<h1>SARS-nCoV-2 in Romania</h1>


I added my dataset on daily county-level confirmed cases for Romania.  

## Load packages

We will use mostly Plotly and Folium for visualization.

In [None]:
import numpy as np 
import pandas as pd
import os
import matplotlib.pyplot as plt
import seaborn as sns 
import datetime as dt
%matplotlib inline
import datetime as dt
import plotly.graph_objs as go
import plotly.figure_factory as ff
from plotly import tools
from plotly.offline import download_plotlyjs, init_notebook_mode, plot, iplot
from shapely.geometry import shape, Point, Polygon
import folium
from folium.plugins import HeatMap, HeatMapWithTime
init_notebook_mode(connected=True)

# Load and process the data

There is only one file in the dataset, updated daily.


## Cumulative data

We glimpse the data, looking to shape of the data and some samples from the head and tail of the dataset.

In [None]:
county_data_df = pd.read_csv("/kaggle/input/covid19-romania-county-level/ro_covid_19_time_series.csv")
country_data_df = pd.read_csv("/kaggle/input/covid19-romania-county-level/ro_covid_19_country_data_time_series.csv")

In [None]:
county_data_df.shape

In [None]:
county_data_df.head()

In [None]:
country_data_df.shape

In [None]:
country_data_df.head()

In [None]:
country_data_df.tail()

Let's fix the issue with *2020-06-04*. The data is missing.
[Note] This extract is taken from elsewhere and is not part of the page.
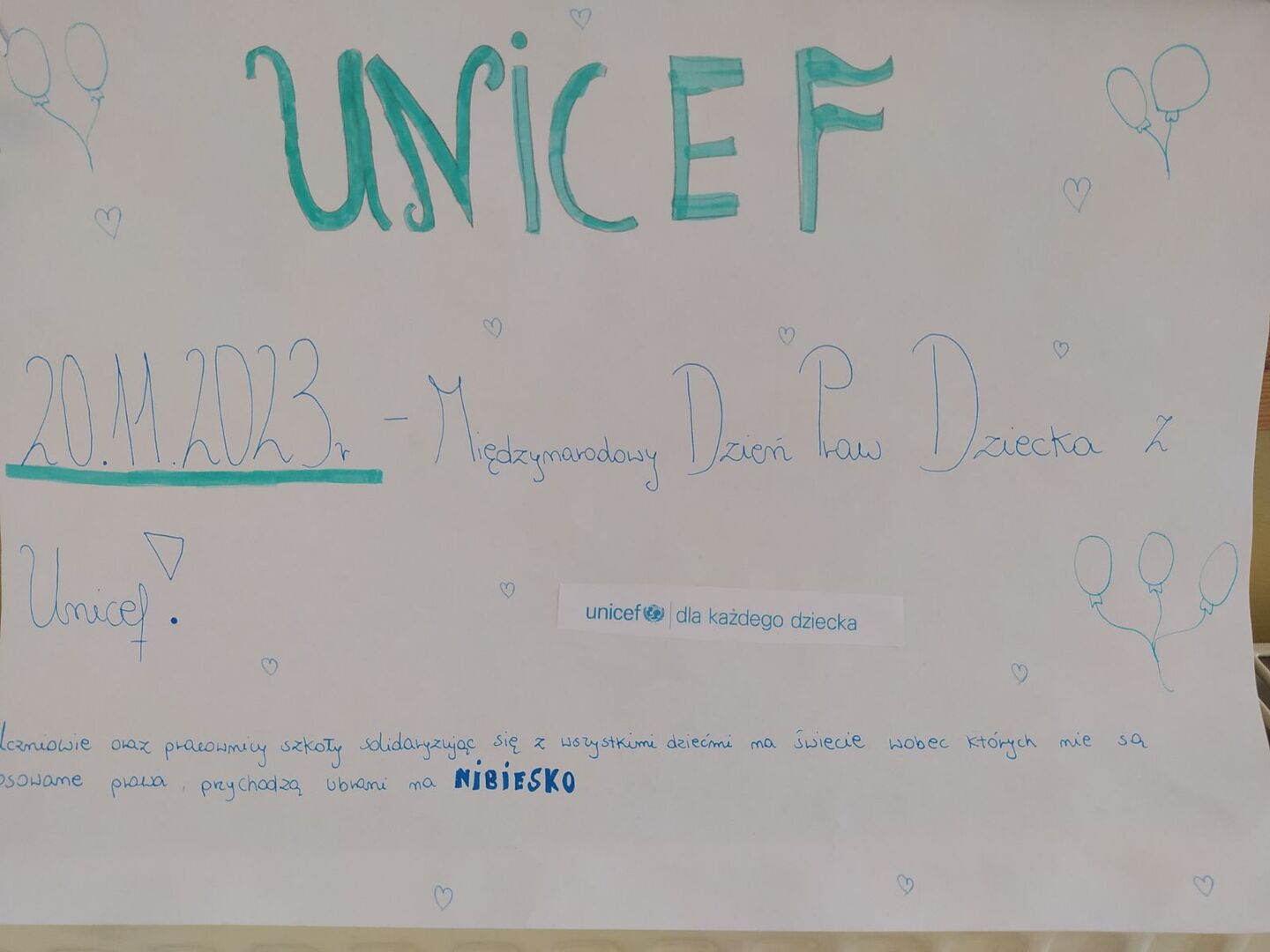 20 listopada obchodziliśmy Międzynarodowy Dzień Praw Dziecka. Nasza szkoła włączyła się do globalnej akcji UNICEF. W szkole odbyły się liczne zajęcia edukacyjne dotyczące tematyki praw dzieci. Pracowaliśmy także na materiałach udostępnionych przez UNICEF. Samorząd Uczniowski pod kierunkiem opiekuna zorganizował akcję ,,Ubierz się na niebiesko”, ,,Weź ze sobą niebieski balonik”.

We will just fill in the average of the days before and after.

In [None]:
for feature in ['ati', 'quarantine', 'isolation', 'tests', 'confirmed', 'recovered', 'deaths']:
    country_data_df.loc[country_data_df.date=="2020-06-04",feature] = \
    int((country_data_df.loc[country_data_df.date=="2020-06-05", feature].values[0] +\
         country_data_df.loc[country_data_df.date=="2020-06-03", feature].values[0])/2)

Let's fix the issue with 2020-06-26. The data is missing. We will just fill in the average of the days before and after.

In [None]:
for feature in ['ati', 'quarantine', 'isolation', 'tests', 'confirmed', 'recovered', 'deaths']:
    country_data_df.loc[country_data_df.date=="2020-06-26",feature] = \
    int((country_data_df.loc[country_data_df.date=="2020-06-25", feature].values[0] +\
         country_data_df.loc[country_data_df.date=="2020-06-27", feature].values[0])/2)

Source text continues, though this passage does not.